Control System Integration#
What you’ll build: Control system connectors for accessing hardware abstraction layers
📚 What You’ll Learn
Key Concepts:
Implementing
ControlSystemConnectorandArchiverConnectorbase classesUsing
ConnectorFactoryfor automatic connector instantiationConfiguring connector types and pattern detection for approval workflows
Building capabilities that work with both mock and production connectors
Creating custom connectors for new control systems (LabVIEW, Tango, custom protocols)

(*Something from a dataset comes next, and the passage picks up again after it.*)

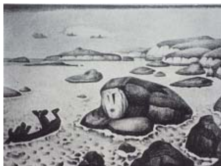
Н. К. Рерих. Великанша Кримгерд. 1915. ГРМ.

В своих произведениях Рерих часто использовал реально существующие археологические находки. Так и здесь, по мнению Е. П. Маточкина «в качестве прототипа краеугольного камня мироздания Рерих взял уникальный шедевр искусства викингов – Йеллинский камень» [7, С. 194]. Йеллинский камень представляет из себя кусок гранита в виде неровной трехгранной пирамиды. На ее центральной плоскости изображено Распятие, на правой – руническая надпись. На левой грани – резьба в виде зверя, похожего на грифона или льва, стоящего на трех лапах. Тело зверя кольцами охватывает змея. Художник показывает две грани – центральную и левую, со зверем. Образ распятого Христа здесь олицетворяет добро, а фантастическое животное – зло. Все изображения вовлечены в живую вязь из переплетающихся лент и узлов, подобно какому-то растению. То есть, здесь христианские и языческие образы представляют из себя единое целое, что характерно для художников-символистов.

Prerequisites: Understanding of Registry and Discovery and async programming
Time Investment: 45-60 minutes for complete understanding
Overview#
The Control System Integration system provides a two-layer abstraction for working with control systems and archivers. This enables development and R&D work using mock connectors (without hardware access) and seamless migration to production by changing a single configuration line.
Key Features:
Mock Mode: Work with any channel names without hardware access (R&D, firewalled systems, development)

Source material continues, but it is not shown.